### Data provided

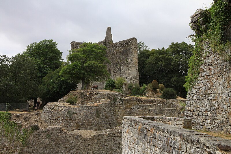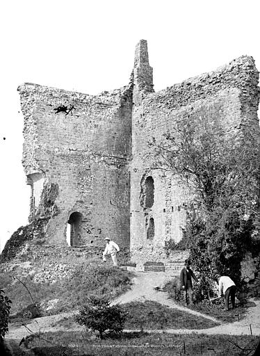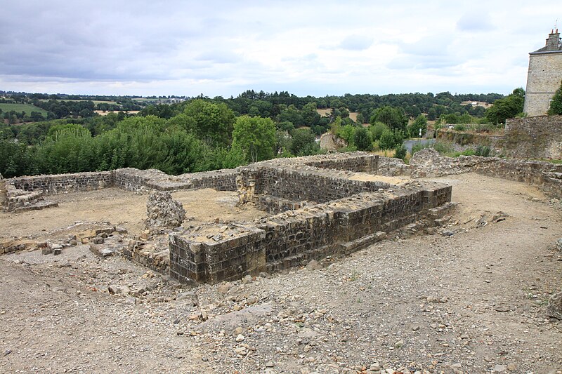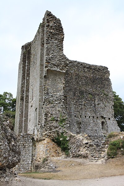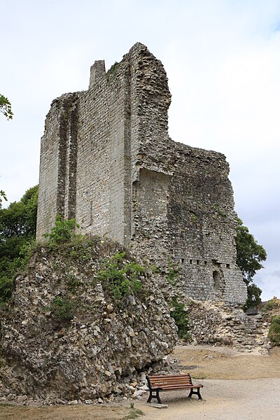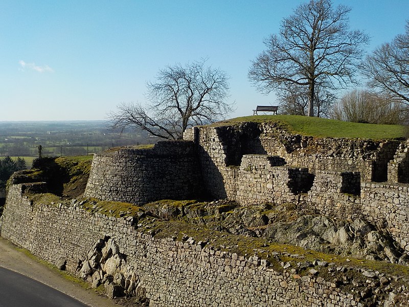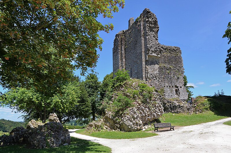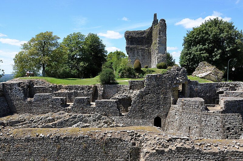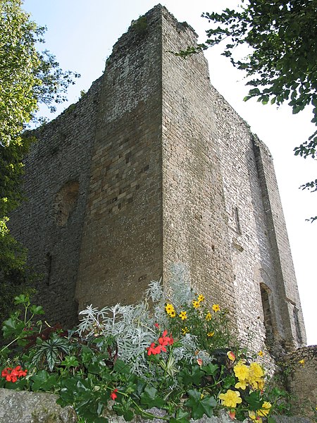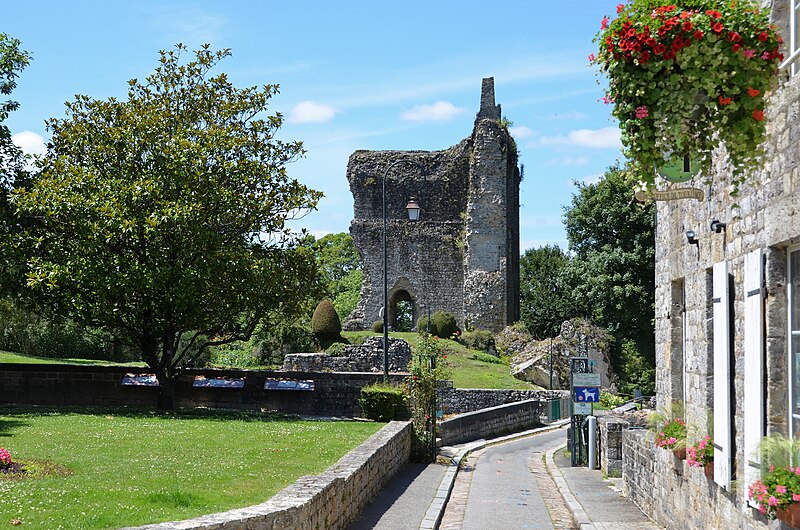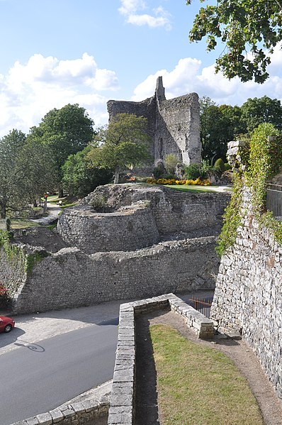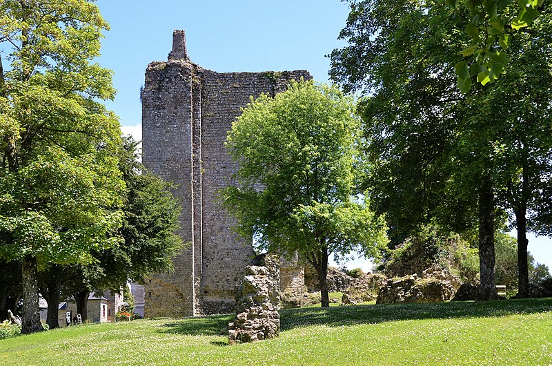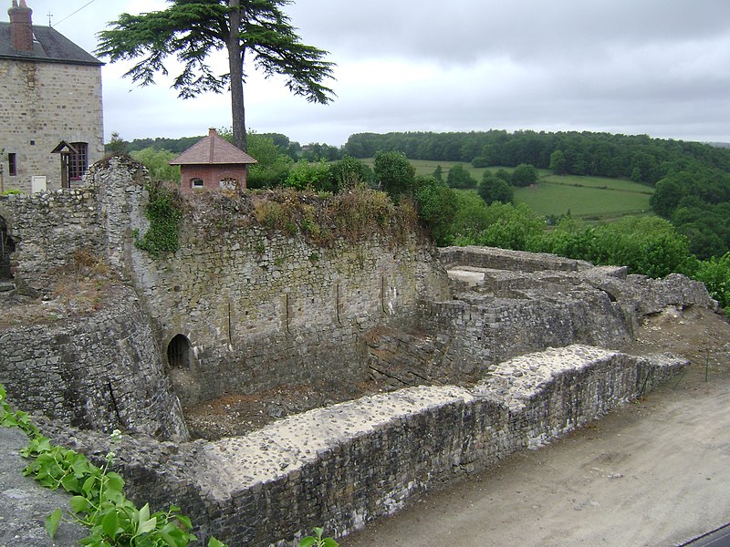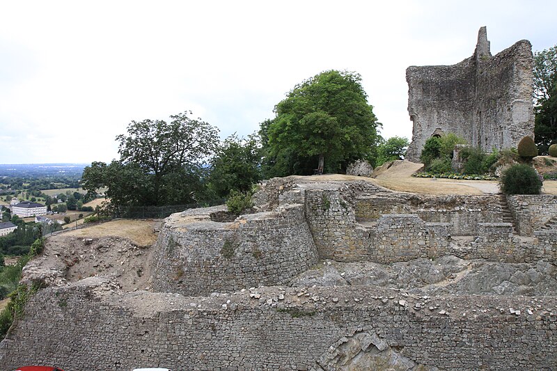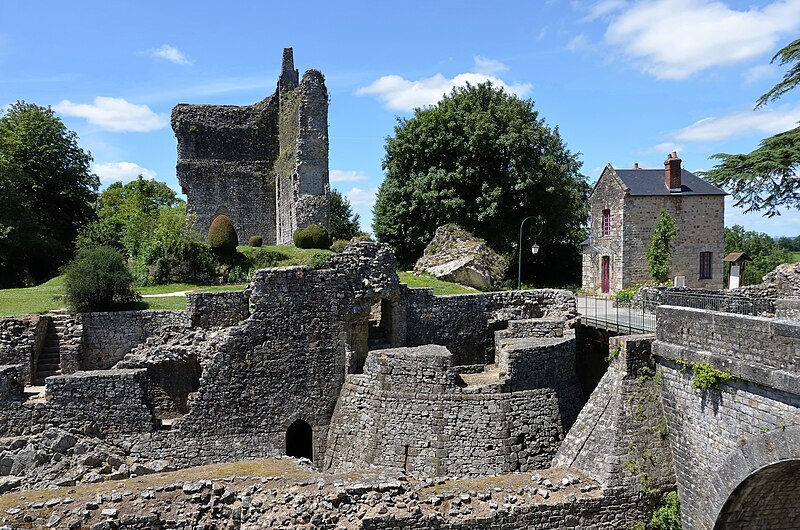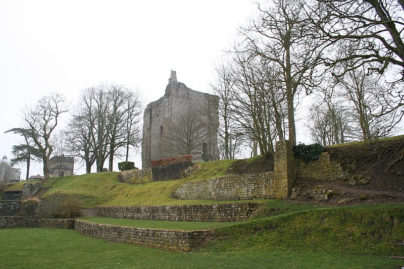 Le château de Domfront, aujourd'hui en ruine, occupe l'extrémité ouest d'une crête de grès dominant la cluse de la Varenne de plus de 70 mètres et commandant les marches méridionales du duché de Normandie. Ses vestiges se dressent sur le territoire de l'ancienne commune de Domfront, dans le département de l'Orne, au sein d'un parc public libre d'accès situé à 400 mètres au nord‑ouest de l'église Saint‑Julien. Au début du XIe siècle fut édifiée une première fortification principalement en bois, qui attira les populations voisines et favorisa la fondation de la ville. Le donjon, reconstruit vers 1120 et élevé en grand appareil roman, forma l'un des plus imposants de Normandie ; il subsiste aujourd'hui deux pans nord et est, conservés sur une hauteur de vingt‑huit mètres avec des murs d'environ trois mètres d'épaisseur. À proximité subsistent les restes d'une chapelle castrale de style roman, la chapelle priorale Saint‑Symphorien, ruinée probablement lors du démantèlement du château. Entre 1289 et 1304, Robert II d'Artois fit édifier les murailles, le pont‑levis et l'essentiel des casemates ; l'enceinte est comprend notamment deux tours du XIe siècle, un chemin casematé, deux tours polygonales formant la tête du pont‑levis et un fossé. Un tronçon du mur d'enceinte nord est conservé avec une tour, une poterne pourvue d'un mâchicoulis, une bretèche, un fossé et le rempart qui reliait l'ensemble à l'enceinte urbaine. Le château a été l'enjeu d'innombrables luttes : il a subi treize sièges au cours de son histoire, impliquant des acteurs tels que Geoffroy Martel, Guillaume le Conquérant, Henri Beauclerc, Philippe Auguste, des troupes bourguignonnes et anglaises, ainsi que des factions protestantes. Propriété de seigneurs normands puis des Plantagenêt, il fut lié à des personnages illustres — Aliénor d'Aquitaine y séjourna et y reçut Domfront en douaire, Aliénor de Castille y naquit, et Henri II y tint des assemblées et remania la place. En 1204, dans le cadre de l'annexion de la Normandie, Domfront passa aux mains de Philippe Auguste puis connut plusieurs changements de seigneurie entre familles royales et seigneuries locales. Des rénovations au XIVe siècle renforcèrent la forteresse, qui résista notamment aux attaques du duc de Bourgogne en 1412. Au cours des guerres de Religion, le donjon fut brièvement pris par des capitaines protestants puis repris après bombardement ; Gabriel Ier de Montgommery s'y rendit en 1574 et fut ensuite livré à la justice royale. Henri IV imposa des démolitions et Sully ordonna le démantèlement du château en 1608, démolition qui fut réalisée en 1610. Le site comporte, autour du donjon, les vestiges d'un logis et des casemates souterraines du XIIIe siècle, ainsi que les restes de l'enceinte de la citadelle flanquée de tours qui dominait le fossé séparant le château de la ville. Les ruines font l'objet de restaurations menées depuis 1984 par l'Association pour la restauration du château de Domfront. Les ruines du donjon sont classées au titre des monuments historiques (liste de 1875) et l'enceinte avec ses remparts, tours, bretèches, casemates et les chapelles Sainte‑Catherine et Saint‑Symphorien est protégée par arrêté du 18 février 1986 ; l'enceinte de la ville bénéficie d'un classement distinct par arrêté du 13 octobre 1988.
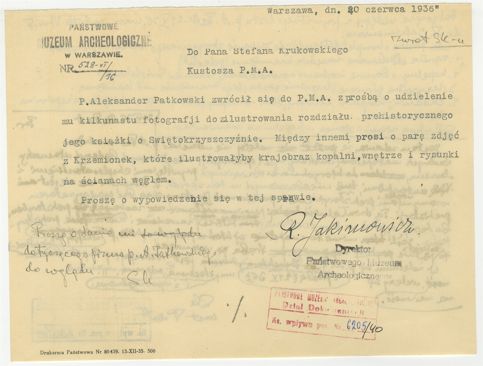 Pismo z PMA do prof. Stefana Krukowskiego z dnia 20 czerwca 1936 r. Nr pisma: 528-VI/36
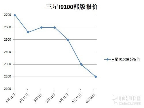 一般来说,韩版水货机的价格都要低于欧版很多,I9100也是如此。从上图来看,韩版I9100在四月初就已跌破3000元大关,之后虽有短暂反弹,但总体仍呈现降价态势,在跌破2500元之后更是一发不可收拾,一路降至2199元。由于比欧版便宜300多元,所以它也将早于前者跌破2000元关口,相信在暑期学生购机潮来临之时就可以实现。
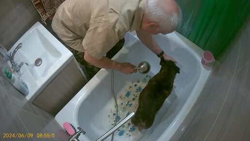 Помывка Дуни после прогулки.
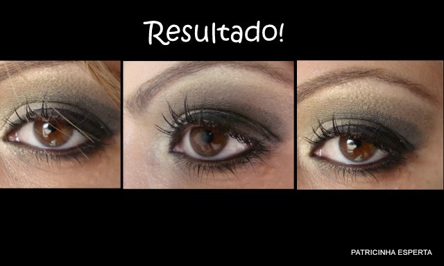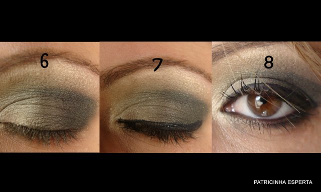 Usei a sombra verde musgo no pincel chanfrado para marcar do meio até o canto externo dos cílios inferiores. Após isso, usei duas camadas de rímel preto nos cílios superiores e apliquei lápis preto na linha d`água dos cílios inferiores ( foto 8). Está pronto!
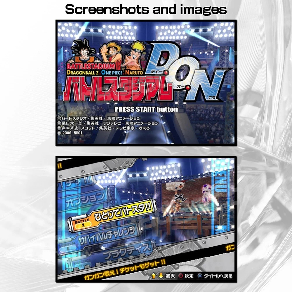 Battle Stadium D.O.N Fighting for One Piece - Japanese Version - ※Region Code:NTSC-J (Japan) Description ■Set Contents(2Games) (1)Battle Stadium D.O.N (2)Fighting for One Piece ■Product Features Battle Stadium D.O.N is a game in which the three most popular comics of Weekly Shonen Jump, "Dragon Ball Z," "One Piece," and "Naruto" compete. ■Product status:Very Good ■Product content (1)Original Package (2)Manual (3)Game Disc Payment Buyers accept a variety of payment methods including credit and debit cards, Apple Pay, Google Pay and PayPal. Shipping Shipping is Economy and Expedited and Standard. ■Economy Shipping:Free Shipping ■Expedited and Standard Shipping:FedEx or EMS and Yamato Japan(There is an extra charge.) ※Depending on the shipping area, only Economy Shipping is available. Notice ■The language of the game is Japanese. ■Platform:PlayStation 2 ■PlayStation 2 is not included. ■The region code for this game is Japan. International Buyers - Please Note: Import duties, taxes, and charges are not included in the item price or shipping cost. These charges are the buyer's responsibility. Please check with your country's customs office to determine what these additional costs will be prior to bidding or buying. If the cancellation is due to the buyer,we will charge a PayPal fee. If there is a remote charge for your address,we will charge you for additional shipping. Thank you for your understanding.
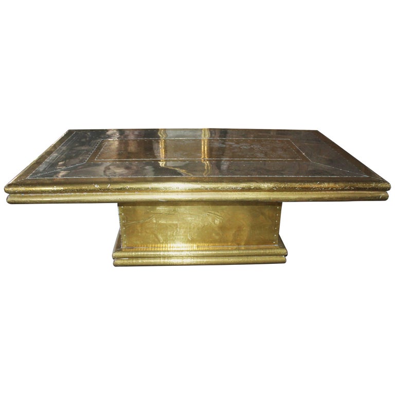 1970s Two Tone Gilded Brass On Wood Designer Coffee Table For Sale
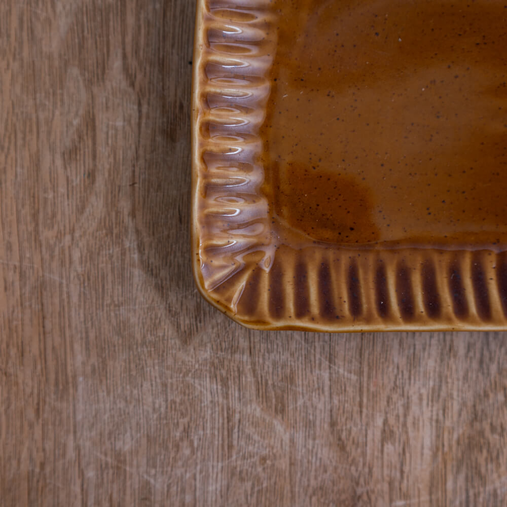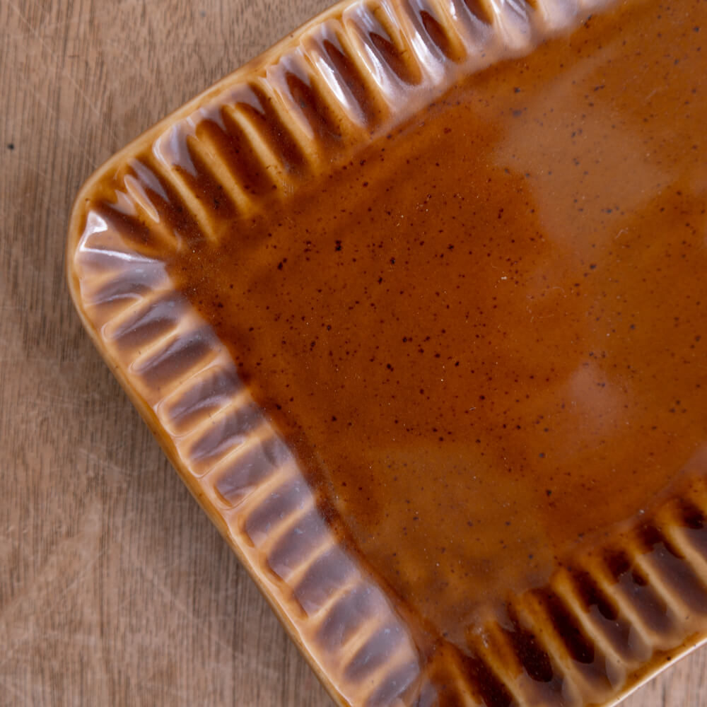 艶のあるアンバー色に、縁の“削ぎ(しのぎ)”がきらり。料理をのせると輪郭がすっと整い、いつもの一品が少しだけ上品に見える長方形の角皿です。取り皿にも、軽い主菜にも使いやすいサイズ感で、食卓の出番が増えていきます。
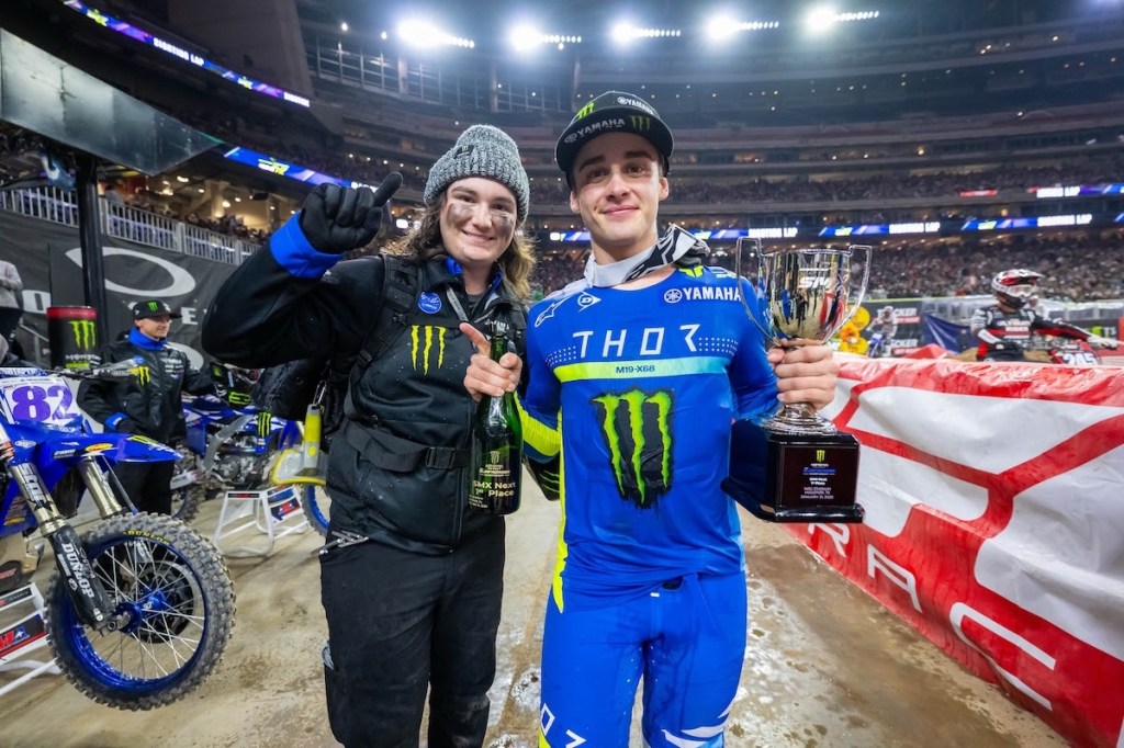 For the second week in-a-row, the action of the 450SMX and 250SMX classes was complemented by the budding stars of SMX Next – Supercross. An elite group of the top A and B class prospects in amateur motocross took to the track once again with a field of 21 racers, with last week’s winner Kayden Minear missing in action after the 18-year-old Australian crashed aboard his Monster Energy Yamaha Star Racing machine during qualifying and was forced to sit out. As the gate dropped on the 8 Minute + 1 Lap race, it was 16-year-old Monster Energy Kawasaki Team Green rider Vincent Wey who put himself out front early with the holeshot. It wasn’t long before 17-year-old Triumph Racing America rider Deacon Denno, a Texas native, took the lead to the delight of the home crowd. As the race wore on, all eyes were on another Texan, 16-year-old Caden Dudney, who charged to the lead aboard his Monster Energy Yamaha Star Racing ride and stormed to his first SMX Next victory by a margin of 1.5 seconds over Denno for a Texas 1-2. Wey crashed out of third in the closing laps while he attempted to pass Denno for second, which allowed 18-year-old Monster Energy Yamaha Star Racing rider Landed Gordon to finish third.
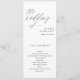 Esses programas de casamento elegantes e modernos minimalistas de design de altura apresentam uma caligrafia simples e elegante emparelhada com uma simples serifa. Esses programas de casamento de chá são planos com frente e trás. A sua festa de casamento e obrigado está no verso. Ver peças correspondentes nesta coleção de casamento.
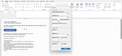 SeismiCalc is an automated calculator made using Microsoft Excel VBA and Userform that can solve base shear and seismic or earthquake lateral load per floor up to twenty (20) floors. Applicable for Microsoft Office 2021 and later versions. Only supports NSCP 2015.
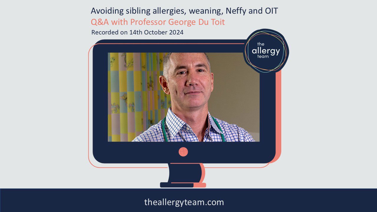 In this Q&A Professor George du Toit discusses outgrowing allergies, how to wean your child if you have allergies, whether mothers can do anything to prevent unborn siblings developing allergies and whether skin prick tests or blood tests are best at diagnosing allergies. He also answered lots of questions about oral immunotherapy treatment, because he’s at the forefront of research into peanut OIT and he gave us his take on Neffy, the needle-free alternative to adrenaline pens which has just become available in the US.
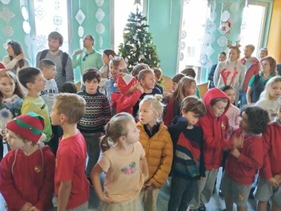 Para prepararse para la época navideña, el alumnado de Primaria, sus familias y el profesorado se reunían todos los lunes de diciembre para cantar el Adviento.
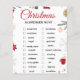 Festive Christmas scavenger hunt checklist artwork with a clean white background and charming holiday illustrations. Designed with elegant red cursive typography, surrounded by cozy winter elements like evergreen branches, snowflakes, houses, trees, a snowman, and warm holiday details. The balanced layout creates a joyful seasonal atmosphere perfect for family-friendly celebrations. All text and images are fully editable, allowing easy changes to match any style or preference.
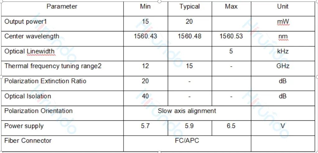 ✴ 在寿命和温度范围内具有无与伦比的波长稳定性华瑞高能够提供的产品参数如下所示:
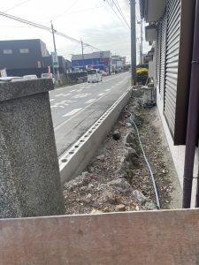 ①道路側のブロック上部解体による減段後フェンス取付
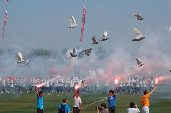 我校足球队第一个步入开幕式会场
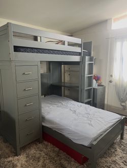 Pottery Barn loft bed set in great condition. Solid and sturdy wood construction. Includes a twin loft bed on top and a full-size bed on the bottom,$650Anaheim, CA

######

Task item — With the pictures excluded, restate word for word each line from the one that contains "①道路側のブロック上部解体による減段後フェンス取付" through the last line of the listing above.

Written response —
 ①道路側のブロック上部解体による減段後フェンス取付
 我校足球队第一个步入开幕式会场
 Pottery Barn loft bed set in great condition. Solid and sturdy wood construction. Includes a twin loft bed on top and a full-size bed on the bottom,$650Anaheim, CA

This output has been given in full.